Mast cells contribute to the resolution of allergic inflammation by releasing resolvin D1
- PMID: 36773709
- PMCID: PMC10285510
- DOI: 10.1016/j.phrs.2023.106691
Mast cells contribute to the resolution of allergic inflammation by releasing resolvin D1
Abstract
Background: Mast cells are initiators and main effectors of allergic inflammation, together with eosinophils, with whom they can interact in a physical and soluble cross-talk with marked pro-inflammatory features, the Allergic Effector Unit. The pro-resolution role of mast cells, alone or in co-culture with eosinophils, has not been characterized yet.
Objectives: We aimed to investigate select pro-resolution pathways in mast cells in vitro and in vivo in allergic inflammation.
Methods: In vitro, we employed human and murine mast cells and analyzed release of resolvin D1 and expression of 15-lipoxygenase after IgE-mediated activation. We performed co-culture of IgE-activated mast cells with peripheral blood eosinophils and investigated 15-lipoxygenase expression and Resolvin D1 release. In vivo, we performed Ovalbumin/Alum and Ovalbumin/S. aureus enterotoxin B allergic peritonitis model in Wild Type mice following a MC "overshoot" protocol.
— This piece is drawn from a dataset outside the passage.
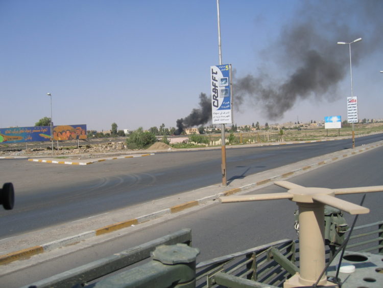 This was one of those days where I was just driving us into a general location, looking around for this asshole terrorist. We pretty much drove straight toward the column of smoke coming from the east end of the city. We pulled up near a flat, open area while we waited for the intelligence to be developed so we could, as the officers put it, “prosecute some more targets.” Now I could see the source of the smoke—it was a Stryker belonging to one of the conventional units. Flames were belching out the back of the Stryker, with rounds or some type of explosive cooking off inside. Other Strykers were driving around the area like bats out of hell. Whatever unit got hit was clearly in a panic.

Results: We found that IgE-activated mast cells release significant amounts of resolvin D1 30 min after activation, while 15-lipoxygenase expression remained unchanged. Resolvin D1 release was found to be decreased in IgE-activated mast cells co-cultured with peripheral blood eosinophils for 30 min In vivo, mast cell-overshoot mice exhibited a trend of reduced inflammation, together with increased peritoneal resolvin D1 release.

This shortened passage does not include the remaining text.